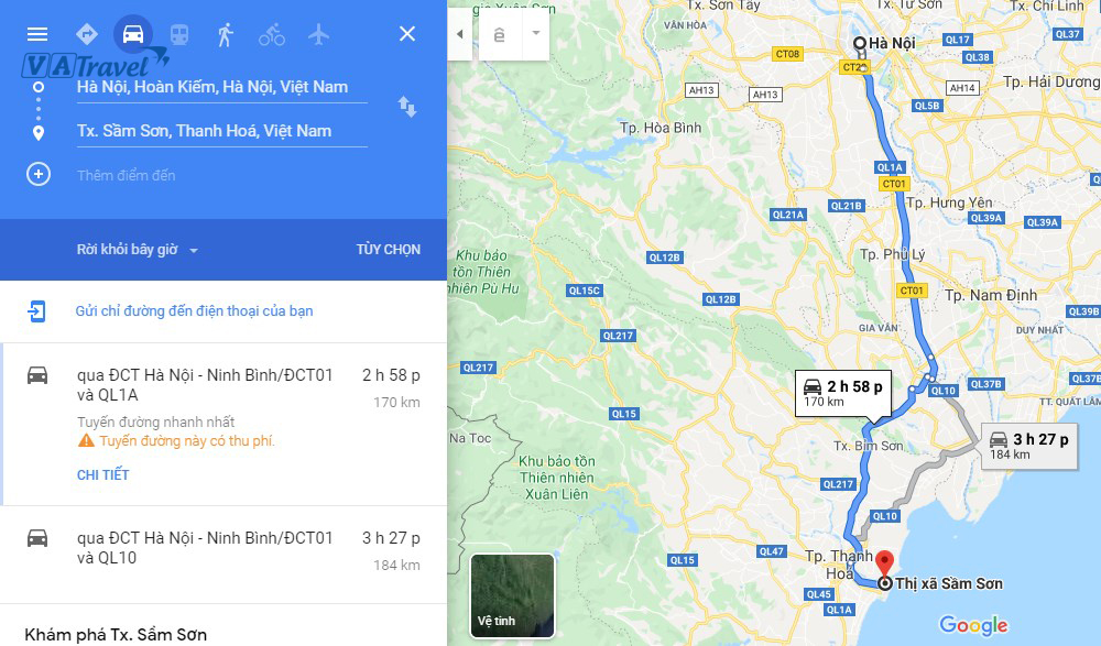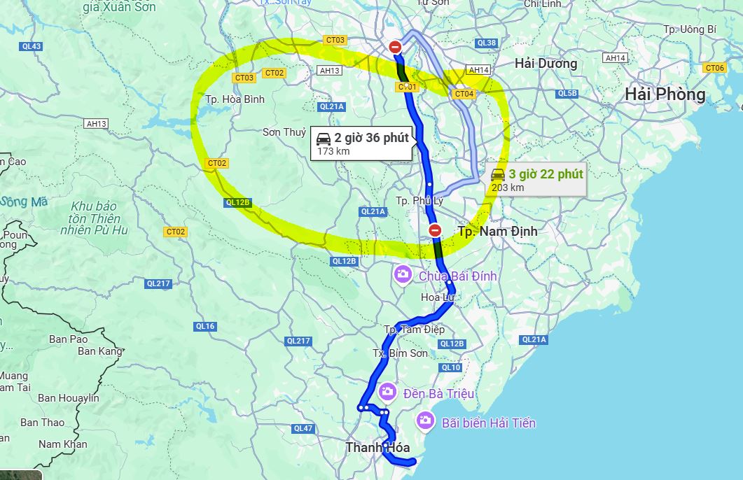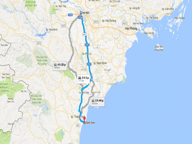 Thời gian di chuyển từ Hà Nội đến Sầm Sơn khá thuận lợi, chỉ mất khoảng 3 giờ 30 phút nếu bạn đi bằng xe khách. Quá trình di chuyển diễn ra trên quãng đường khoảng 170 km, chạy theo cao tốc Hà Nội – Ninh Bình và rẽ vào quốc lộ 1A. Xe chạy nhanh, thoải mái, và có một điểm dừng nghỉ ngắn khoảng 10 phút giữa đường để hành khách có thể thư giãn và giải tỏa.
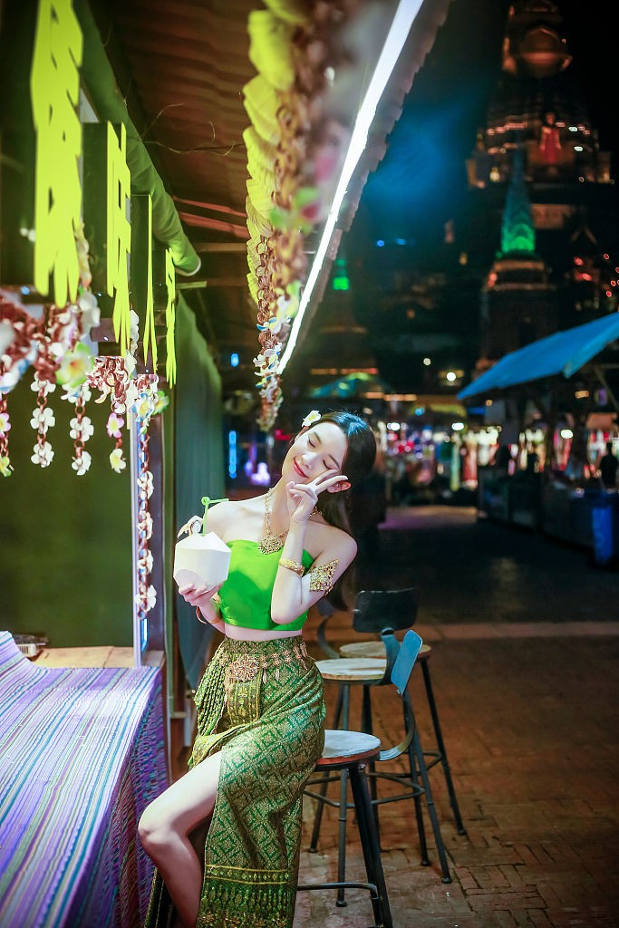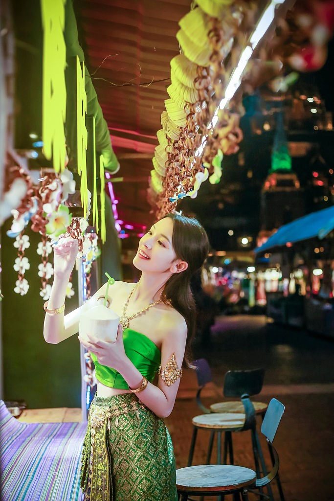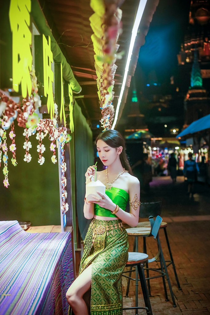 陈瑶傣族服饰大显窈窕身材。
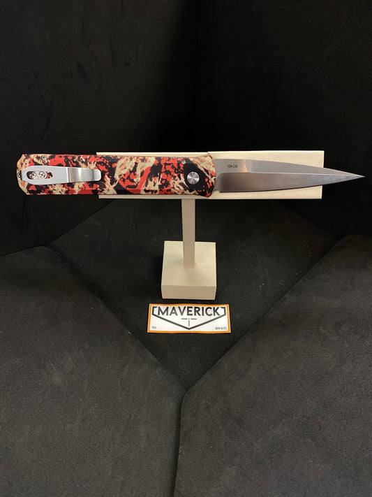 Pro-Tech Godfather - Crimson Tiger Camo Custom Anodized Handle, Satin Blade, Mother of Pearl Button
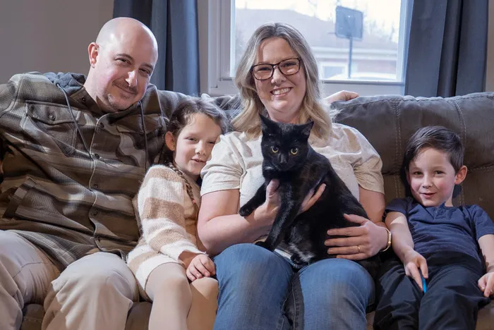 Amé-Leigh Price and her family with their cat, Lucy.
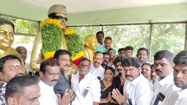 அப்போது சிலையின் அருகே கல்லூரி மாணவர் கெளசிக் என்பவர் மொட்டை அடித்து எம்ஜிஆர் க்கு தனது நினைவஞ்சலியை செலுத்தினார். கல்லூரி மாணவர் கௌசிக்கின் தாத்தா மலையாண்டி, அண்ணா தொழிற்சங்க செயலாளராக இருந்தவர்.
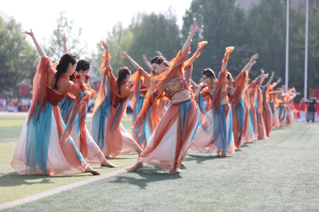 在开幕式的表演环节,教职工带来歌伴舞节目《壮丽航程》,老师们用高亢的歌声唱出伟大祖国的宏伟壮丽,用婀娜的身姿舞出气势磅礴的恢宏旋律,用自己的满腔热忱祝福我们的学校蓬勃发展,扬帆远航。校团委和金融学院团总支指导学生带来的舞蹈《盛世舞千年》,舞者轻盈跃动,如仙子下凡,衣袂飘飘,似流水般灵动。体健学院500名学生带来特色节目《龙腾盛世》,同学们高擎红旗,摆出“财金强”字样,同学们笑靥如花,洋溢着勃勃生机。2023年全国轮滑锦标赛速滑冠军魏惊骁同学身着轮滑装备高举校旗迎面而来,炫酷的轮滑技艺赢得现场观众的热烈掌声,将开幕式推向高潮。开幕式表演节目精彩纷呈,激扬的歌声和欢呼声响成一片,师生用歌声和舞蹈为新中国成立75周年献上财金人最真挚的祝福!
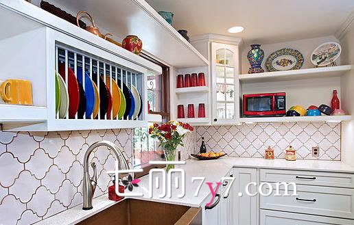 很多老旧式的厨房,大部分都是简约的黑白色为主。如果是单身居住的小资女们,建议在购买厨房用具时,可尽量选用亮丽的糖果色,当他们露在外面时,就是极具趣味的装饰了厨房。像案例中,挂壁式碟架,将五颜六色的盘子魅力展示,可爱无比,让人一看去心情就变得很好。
•••
Your reply should hold nothing but the lines above, from the one containing "Amé-Leigh Price and" to the one containing "அப்போது சிலையின் அருகே", reproduced exactly minus the pictures.

 Amé-Leigh Price and her family with their cat, Lucy.
 அப்போது சிலையின் அருகே கல்லூரி மாணவர் கெளசிக் என்பவர் மொட்டை அடித்து எம்ஜிஆர் க்கு தனது நினைவஞ்சலியை செலுத்தினார். கல்லூரி மாணவர் கௌசிக்கின் தாத்தா மலையாண்டி, அண்ணா தொழிற்சங்க செயலாளராக இருந்தவர்.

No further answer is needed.